For its part, Germany accepted its current border with Poland and renounced the other claims it had made to territory.

Reparations were not included in the agreement and Greece was not a party in the negotiations for the treaty.

Germany points to the 1945 Potsdam Conference as resolving the question of reparations. The Soviet Union settled the reparation claims of its satellite countries in large part by supplying them with industrial equipment. For their part, the other Allied countries resolved to settle the reparation claims of other countries by dividing up German industrial and naval assets.

The big three.
The big three.

Germany also signed an agreement with twelve other nations in the 1950s. Greece was included in this agreement and received 115 million Deutsche marks in 1960 as the final settlement to its claims.

Germany has spent 76 billion euros to compensate for the crimes its Nazi leaders committed in WWII.

What remains to be seen is whether the new government in Greece which was elected on July 7 will continue to push Germany for the reparations.

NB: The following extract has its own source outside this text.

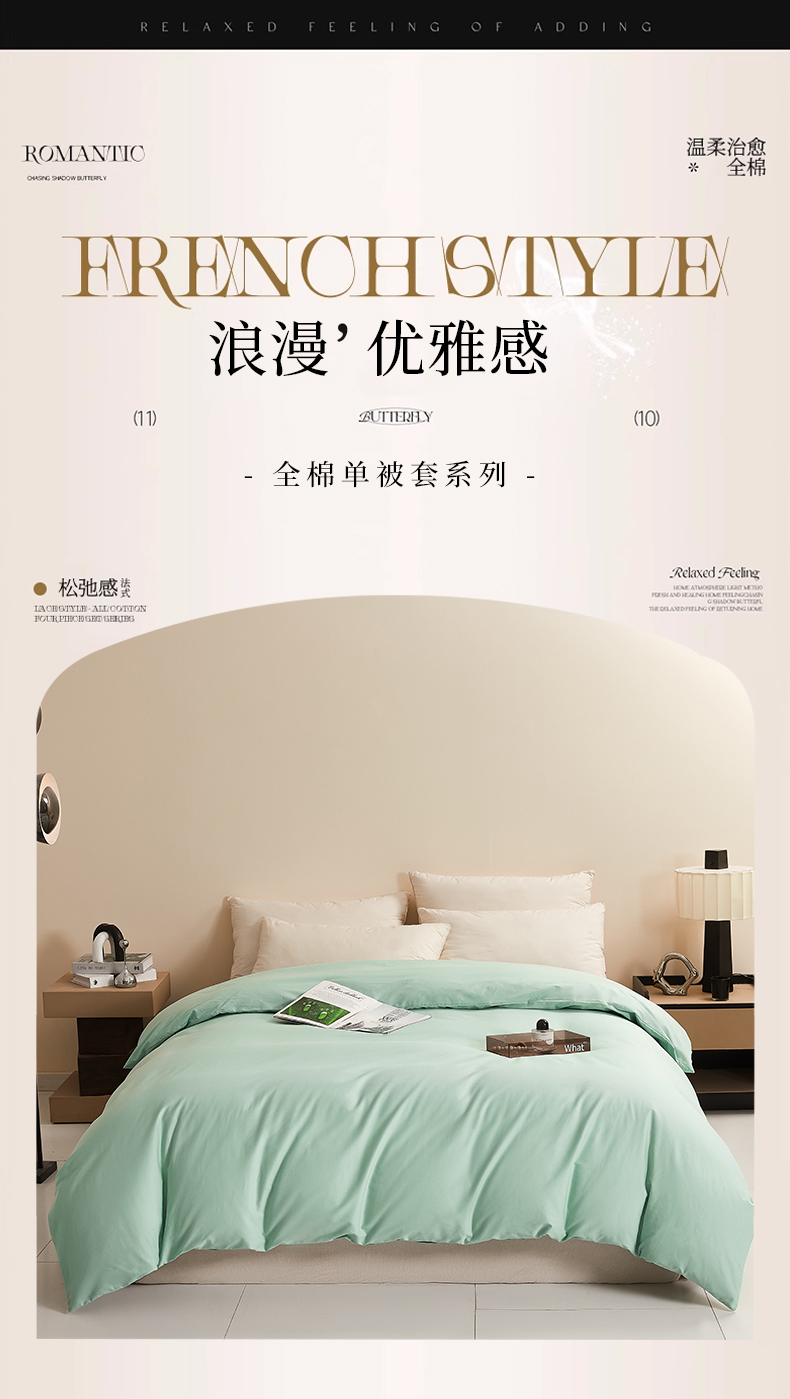 • 91家纺网 家纺一手货源 找家纺 名优家纺 2026新款全棉纯棉单被套被套单件 莫奈绿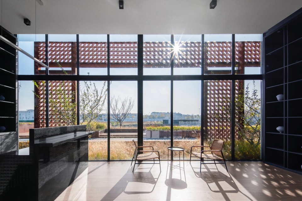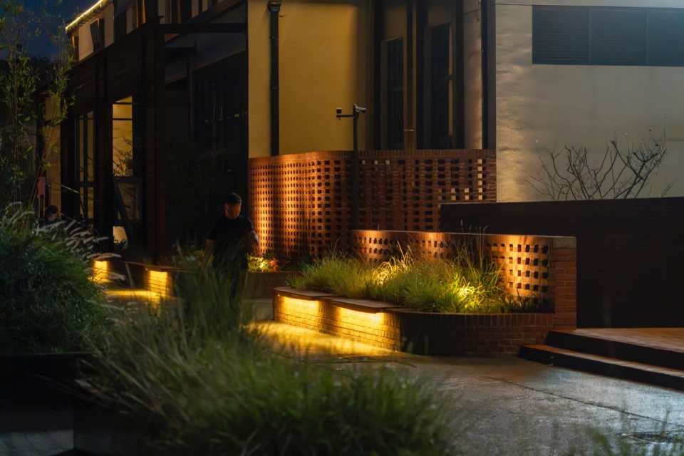 面对原有建筑立面单调的现状,创新性地采用工业遗存与本土材质相结合的解决策略:以工字钢梁构建结构性骨架,外置传统陶花砖幕墙系统,并精心配置多层次植被。这种复合式处理手法形成了虚实交织的立体韵律——钢构骨架勾勒出工业记忆的轮廓,陶砖幕墙以其特有的透光肌理与植被相互映衬,在阳光变幻中演绎出动态的光影交响,既实现了建筑与景观的有机对话,又通过材质语言的创新组合,在延续工业历史脉络的同时,塑造出富有生命力的内外过渡空间。

Prime Minister Kyriakos Mitsotakis, who was elected on July 7, is expected to make his first trip to Germany.

Poland is also demanding reparations from Germany. Between the two countries, $1.2 trillion in claims are being levied against the Germans.

Poland is expected to release a report on September 1 which coincides with the 80th anniversary of the start of WWII. The report is expected to demand $850 billion from the Germans.

Of course, all this posturing is mainly a way for politicians in the two countries to grab the attention of their voters. The current ruling party in Greece ran on a platform of getting justice from Germany and reducing the country’s debt. They have thus far achieved neither goal so they need to show the voters that they are still working on the issues.